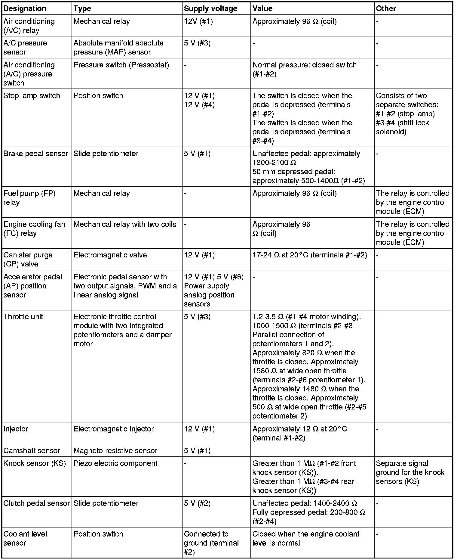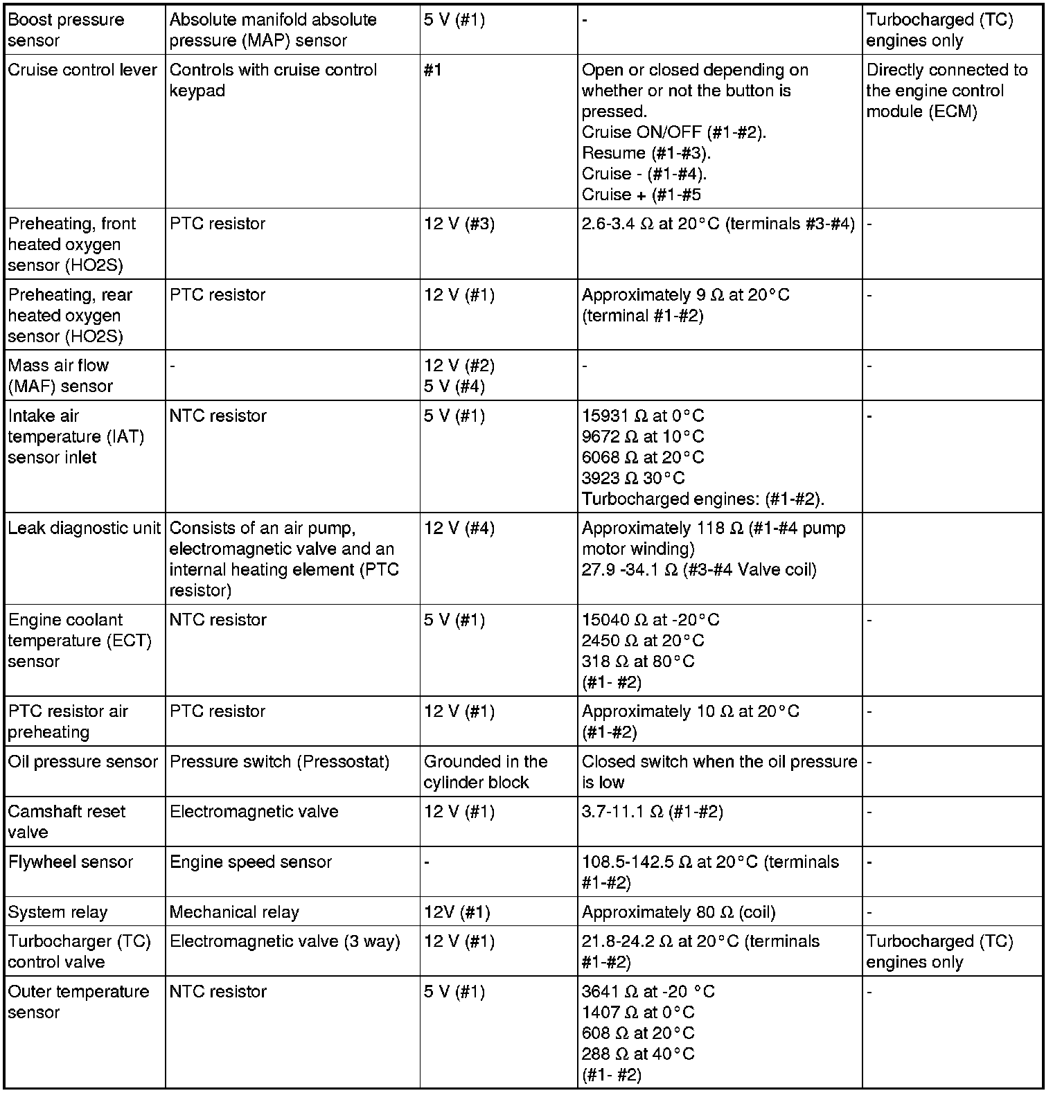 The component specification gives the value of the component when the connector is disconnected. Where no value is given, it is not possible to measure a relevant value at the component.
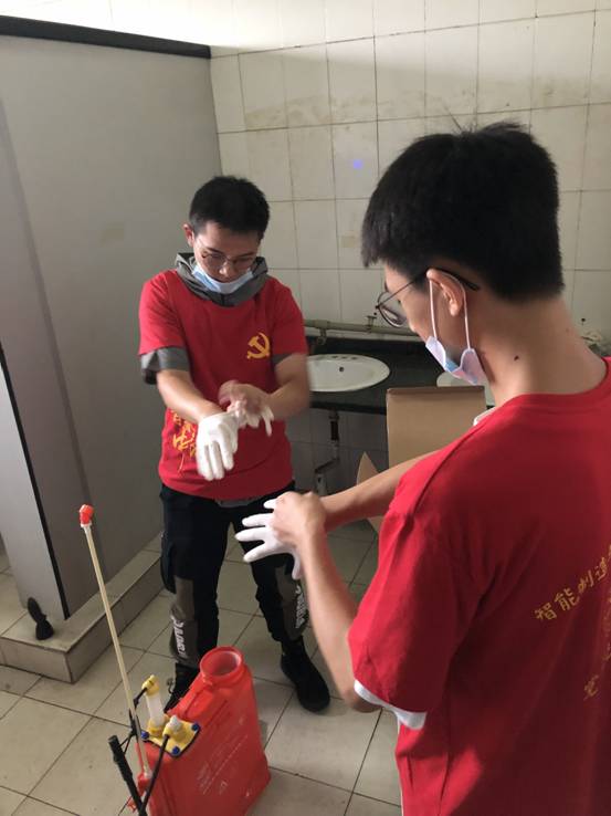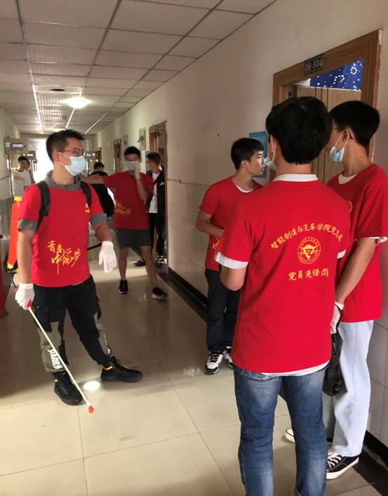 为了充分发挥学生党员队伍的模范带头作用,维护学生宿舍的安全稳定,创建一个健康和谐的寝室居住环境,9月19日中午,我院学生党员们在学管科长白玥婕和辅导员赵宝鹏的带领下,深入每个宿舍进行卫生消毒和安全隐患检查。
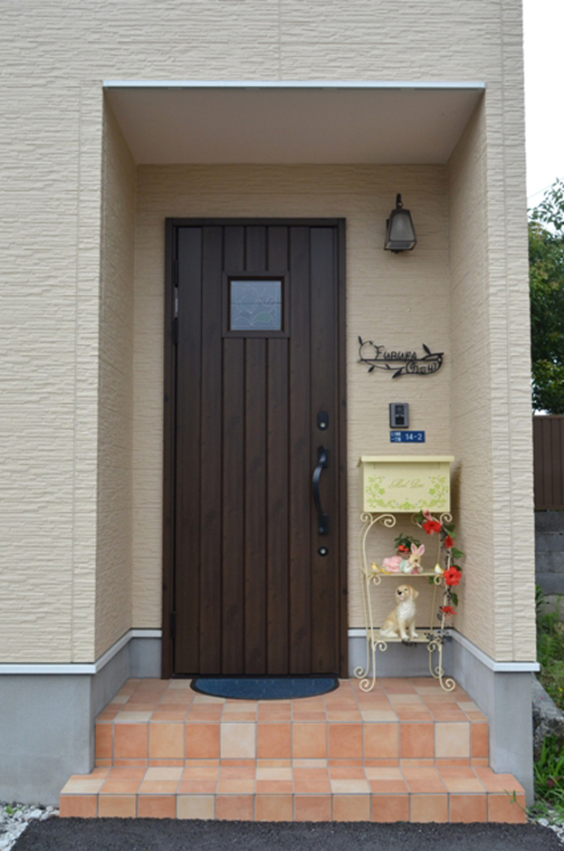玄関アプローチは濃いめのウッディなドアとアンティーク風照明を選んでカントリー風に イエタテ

- - -

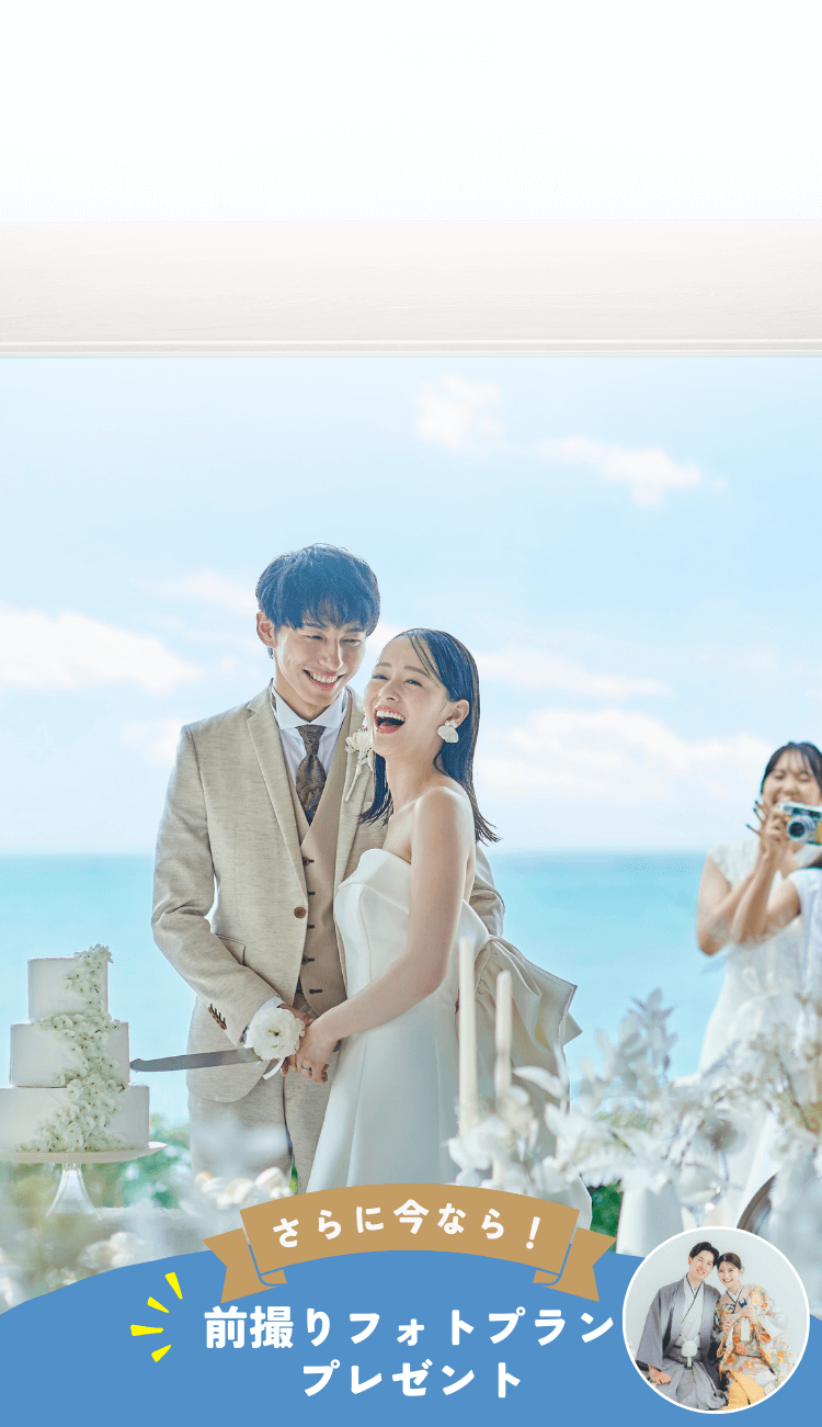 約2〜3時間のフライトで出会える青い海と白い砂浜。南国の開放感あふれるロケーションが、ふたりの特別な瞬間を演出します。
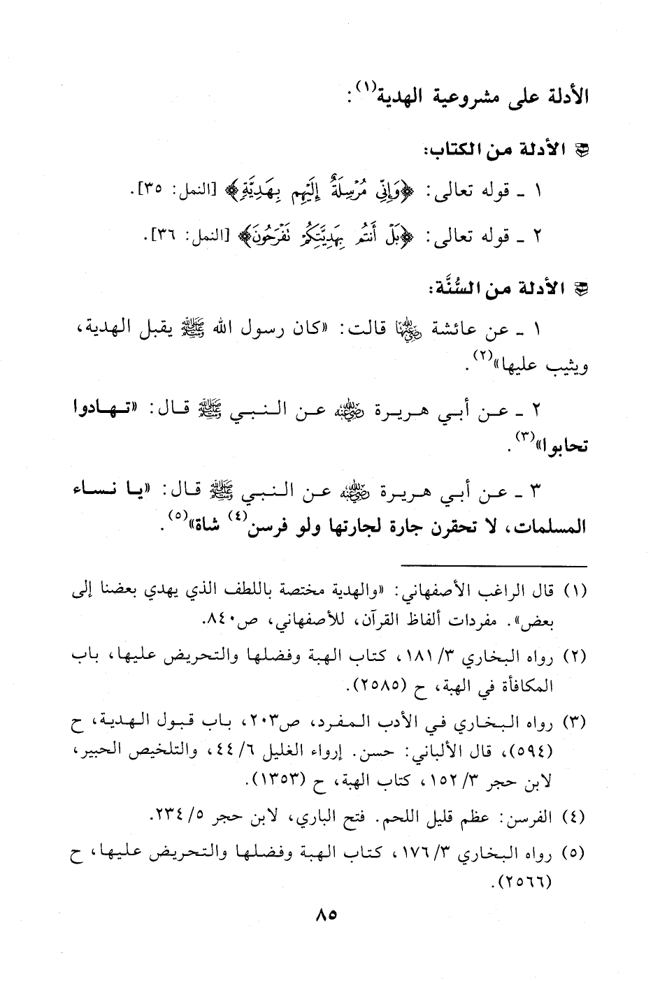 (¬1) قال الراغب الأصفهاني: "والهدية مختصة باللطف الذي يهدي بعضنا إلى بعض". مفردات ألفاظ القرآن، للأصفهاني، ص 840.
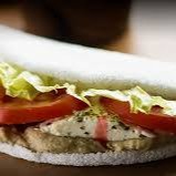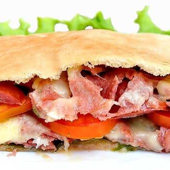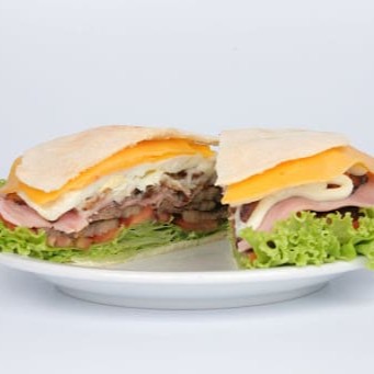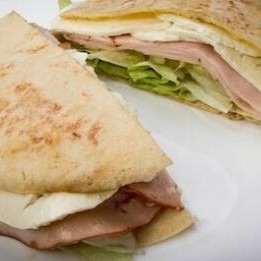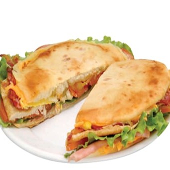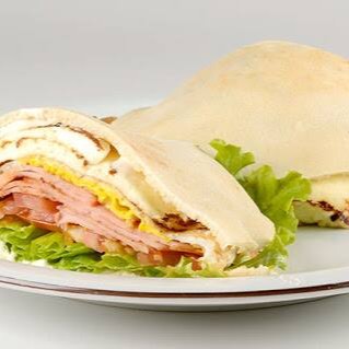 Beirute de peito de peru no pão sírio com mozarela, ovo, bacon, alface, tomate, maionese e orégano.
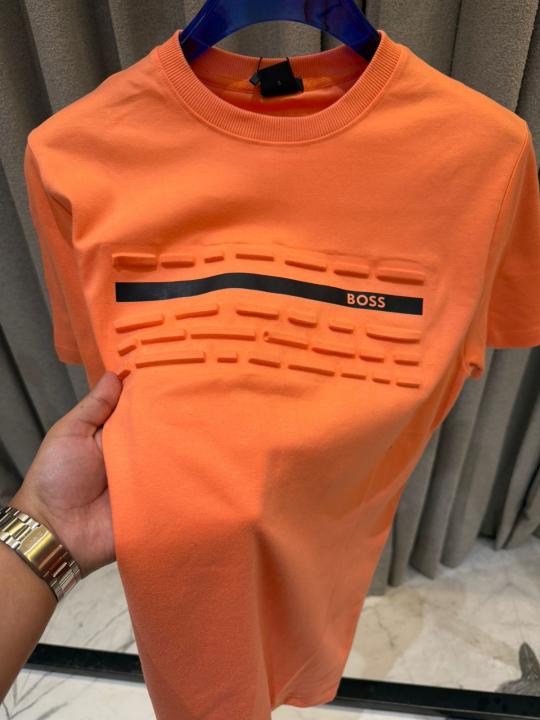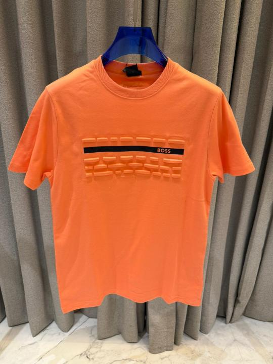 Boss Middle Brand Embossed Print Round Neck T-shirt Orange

- - -

Give again, exactly as written above, each line from the one that has "Beirute de peito" to the one that has "Boss Middle Brand", both included; omit the pictures.

Solution to this exercise:
 Beirute de peito de peru no pão sírio com mozarela, ovo, bacon, alface, tomate, maionese e orégano.
 Boss Middle Brand Embossed Print Round Neck T-shirt Orange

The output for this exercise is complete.